Quando le hai registrate queste tracce?
«Prima quarantena, sono tutte di marzo 2020.»

Ci spieghi il concept dell’uomo di Neanderthal? Ho visto il post su Instagram, ma volevo chiederti di spiegarcela bene.
«Allora, ti faccio un esempio. Prima dovevamo fare una chiamata Zoom? Ma io ecco ho imparato da due anni ad usare WhatsApp, capito? Io schifo proprio la tecnologie, le cose artificiali. Preferirei vivere in un mondo dove siamo poco più che primitivi. Per questo motivo, i miei amici per scherzare mi hanno sempre detto: “sei un primitivo”, “sei un Neanderthal”. Alla fine ho pensato che questa cosa sia una parte di me, un mio carattere distintivo. Essere un po’ primitivo anche nell’approccio con le persone e con la vita.

In generale non provo interesse per tutte le cose che ritengo strane o troppo artificiali. Per farti capire: ho l’iPhone, non riuscivo a fare una cosa. La mia ragazza mi dice che è perché ci vuole l’aggiornamento, ma io manco sapevo cosa fosse l’aggiornamento. Sono un po’ vintage (ride,ndr).»

A proposito di questo: qual è il tuo rapporto con i social?
«Ehhh… Quello pure è primitivo. Anche se dipende molto dal tipo di social. Se avessi Twitter forse mi esprimerei e posterei di più, invece su un social come Instagram che funziona molto con le immagini non mi ci trovo molto nel modo in cui interagisci con gli altri. In generale non mi piacciono molto, ma so che sono importanti. Non solo lavorativamente, ma in generale per comunicare delle cose. Servono, mi piacciono, ma non mi piace usarli.»

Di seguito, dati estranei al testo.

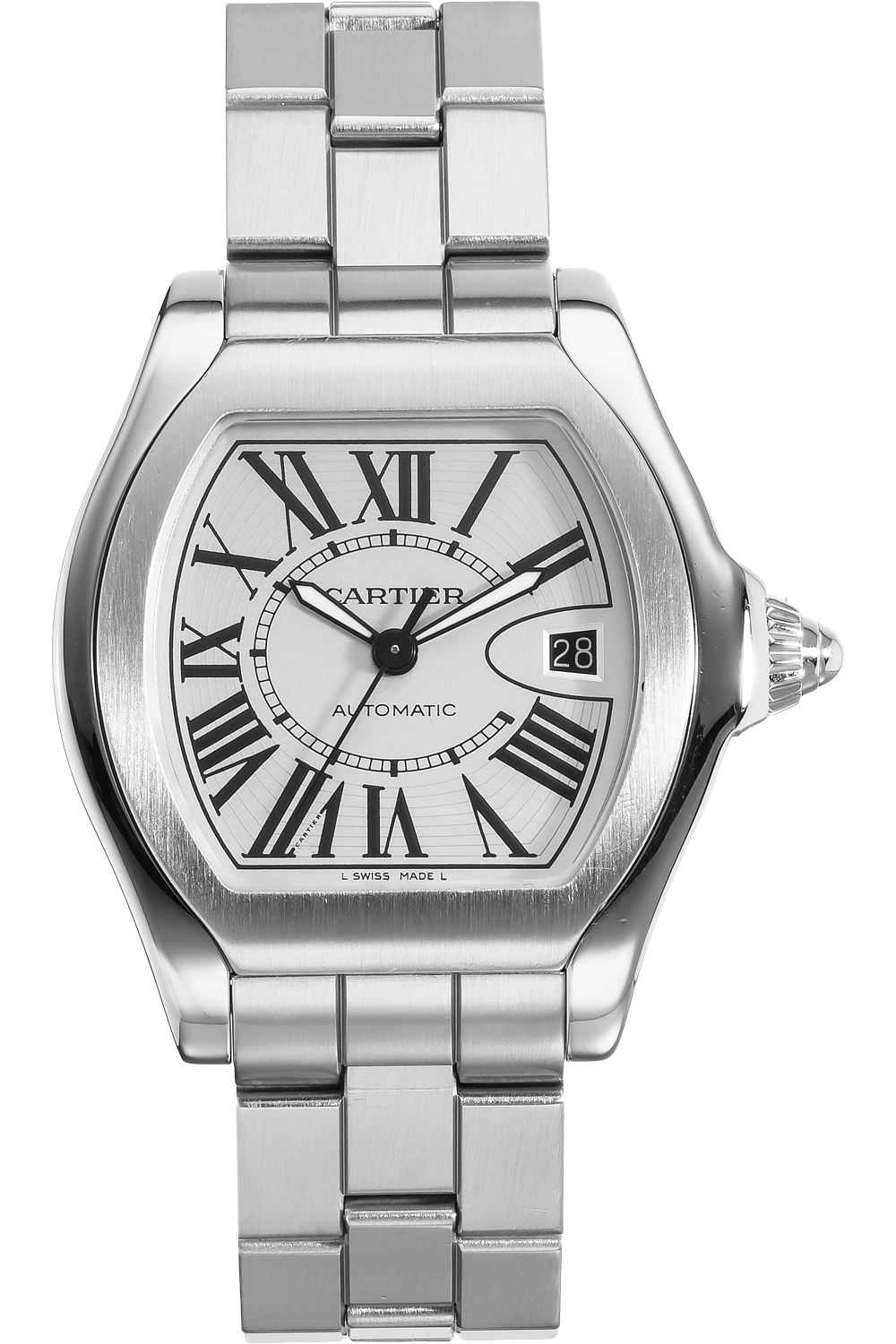 A watch of ambitious modernity, the Cartier Roadster was inspired by the Porsche Roadster and features design elements such as a date window resembling a car windshield, lugs crafted to look like design headlights and a distinctive crown reminiscent of vintage wheels.

Come sono nati i featuring presenti in Fuorilegge 2?
«Hosawa è un ragazzo di Napoli che ho conosciuto alcuni anni fa. Mi è sempre piaciuto, è forte, ha la mia età. Ci tenevo facessimo qualcosa insieme. Silent l’ho conosciuto quando ha fatto il brano con Vane (Massimo Pericolo, ndr), lui me l’ha segnalato dicendomi: “questo ragazzo spacca”. Me lo sono sentito e ci sono alcune tracce che sono veramente una cosa… Lui è un talento vero. Mi è piaciuto tantissimo e ci volevo collaborare. Joe Scacchi prima era in Pluggers, la mia stessa etichetta. L’ho sentito, mi è piaciuto tantissimo, e in più ci tenevo a fare una cosa con un artista di Roma. Ci tenevo a mantenere la connessione, come nel primo disco avevo la strofa di Chicoria. Mi sono sempre trovato bene con i ragazzi di Roma, con tutti: da Ugo Borghetti a Margherita Vicario tutte persone ottime. Quindi ci tenevo a fare una cosa con un romano.»

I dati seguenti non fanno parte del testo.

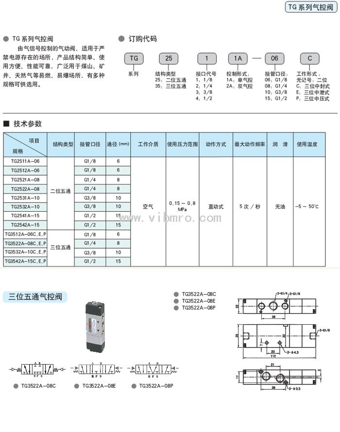 TG3522A-08C,STNC电磁阀,TG系列气控阀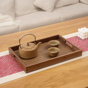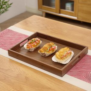 ブラックウォールナットトレイライト高級ハイエンドコーヒートレイ長方形木製ティーカップトレイ無垢材ケーキスナックトレイ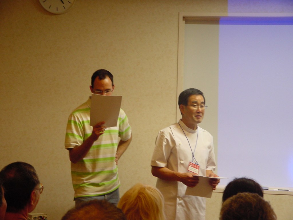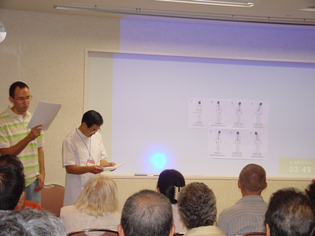 După ce aflu vestea mă simt cam ca aseară, pierdut total și panicat. Evident din motive cu totul și cu totul diferite. Nu aveam nici cea mai vagă idee în ce ar putea consta examenul. Prea ocupat cu Japonia, Tokyo, cele relatate în precedentele scrieri uitasem complet de examen și nu-i trecuse prin cap să întreb vre-ul coleg despre ”ce și cum”. Mă igienizez, mă îmbrac în samue-ya și-mi fac canonul de rugăciune. (pentru prima dată de când am plecat de acasă! Cum ne amintim de Dumnezeu doar la greu!). Plec, cam cu viteza melcului trăznit, spre clinică. Este ora 9 a.m. Shigeru Sensei vine la ora 10 a.m. Normal că pe drum mă gândesc la examen, la Yumeiho. Care, ce-i Yumeiho? Uitasem deja de Yumeiho. Pentru prima dată în cei 14 ani de la debut! Până la liftul de la clinică ajunsesem să mă resemnez. Asta e! Măcar am văzut Japonia, chiar dacă mă fac de toată rușinea la examen! Intru în Clinică și stau cuminte într-un colț așteptând, fără nerăbdare, să vină Șeful! Intră Șefu, Za-Rei de rigoare, mă prezint precum cere protocolul, zic că-s bucuros că ne vedem prima dată, (zic ce zic într-o Japoneză impecabilă spre propria mea surpriză!). Hashimoto Shigeru Sensei mă întreabă dacă totul este bine și dacă sunt pregătit de examen, aș vrea să-i răspund că totul este bine dar că m-am ”c..at pe mine de emoții” (la figurat desigur, din fericire!). Gura zice doar; da, sunt bine, mulțumesc! Și … vine surpriza! Îmi spune că examenul este doar o formalitate, că am deja garantat 6 Dan (gradul 6) dăruit ca recompensă pentru truda mea cu dezvoltarea Yumeiho în Europa și că examenul va consta în: ”eu îți fac o ședință de Yumeiho și apoi tu îmi faci o ședință de Yumeiho”. Eu m-am blocat complet! În loc să mă simt ușurat, fără griji, totul este bine. Mă trec la tricou, aterizez pe tatami (saltea) și mă dau pe mâinile maestrului. M-a ”procesat” temeinic, rapid și eficient, mai mult de o oră. Jumătate din ce mi-a făcut mi s-a părut altceva decât ceea ce făceam eu sub numele Yumeiho. În consecință, mi se pare clar că mă voi face de rușine, cu sau fără Danii aferenți, primiți onorific. Piși, caca, o gură de apă și trec la treabă. La mine durează ceva mai mult ședința, pentru că mă strofoc din răsputeri să fac ce pot mai bine. La final se ridică Șefu, vizibil relaxat, și, precum sunt, adică ”gaijin” nepoliticos dar curios, întreb cum m-am descurcat?!. Zice ”dai-jobu, dai-jobu desu”, adică, a fost în regulă, dar nu pot ști dacă o spune doar conform regulilor imuabile de politețe Japoneză sau chiar a fost bine. Nu insist, nu cer explicații și lămuriri, că-i mare rușine la obraz să faci asta! (sfat de la Master Chef (Șef) restaurant românesc, printre alte foarte utile sfaturi!!) Trecem la ceremonia de înmânare a diplomei de 6 Dan, spre relativa mea surpriză era deja completată cu numele subsemnatului, și datată corespunzător, de către Watanabe san (după cum am aflat ulterior). Facem și poze. Mă laud cu una mai sus.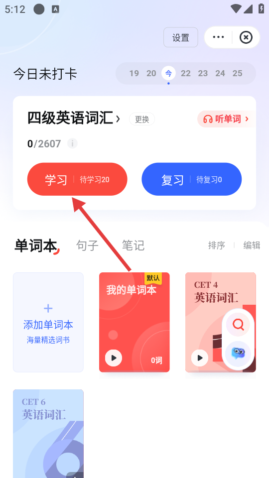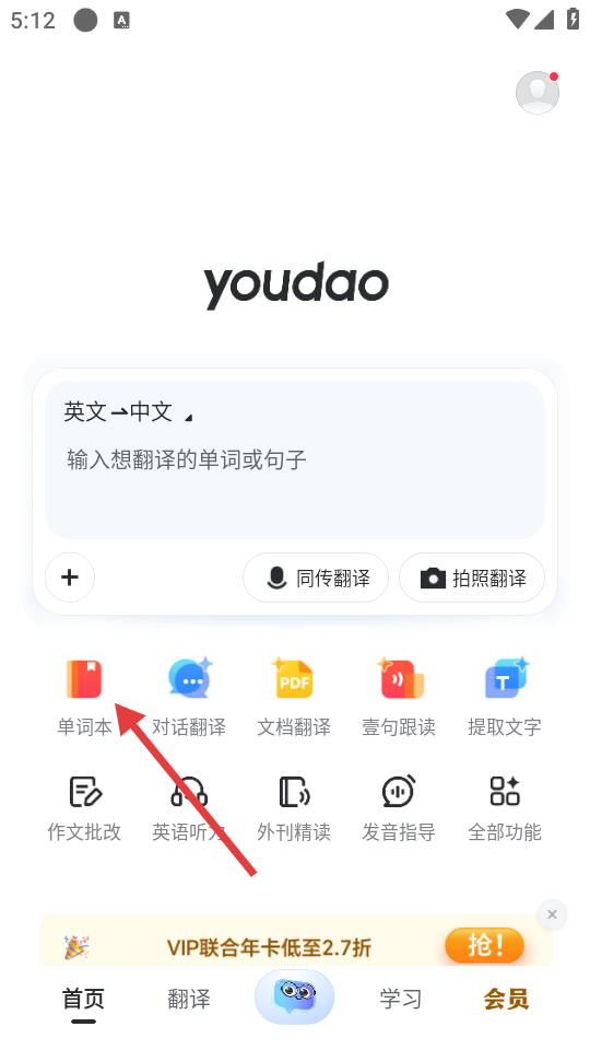 2、在主界面,点击【单词本】选项,进入单词本页面。

Una cosa che mi ha incuriosito. Tu sei del ’97, come mai nei tuoi pezzi citi come sex symbol Sabrina Ferilli e Monica Bellucci che hanno entrambe più di 55 anni e potrebbero essere i nostri genitori?
«Io ho tipo quattro riviste, datate ’86, che avevo comprato nei mercatini di strada e… Fra, io ogni volta che vedevo Sabrina Ferilli li compravo. Appena li vedevo pensavo: “li devo comprare”. Io a casa sono pieno, ho riviste, poster…»

Fa parte del vintage e della mentalità Neanderthal?
«Sì, sì. Lei è una bellezza molto italiana e d’altri tempi, è una cosa molto primitiva.»

(Torniamo seri). Quale aspetto ci tieni che arrivi di più agli ascoltatori di questo progetto?
«La mia scrittura, per la sua schiettezza. Dico delle cose che potrei anche non dire. Per esempio quando dico: “lei mi lascerà perché vuole uno rich”, sono cose un po’ da sfigato da dire, ma io lo dico perché voglio essere schietto. Perché comunque stai ammettendo che sei un morto di fame e non è una bella cosa. Sarebbe più bello dire il contrario.»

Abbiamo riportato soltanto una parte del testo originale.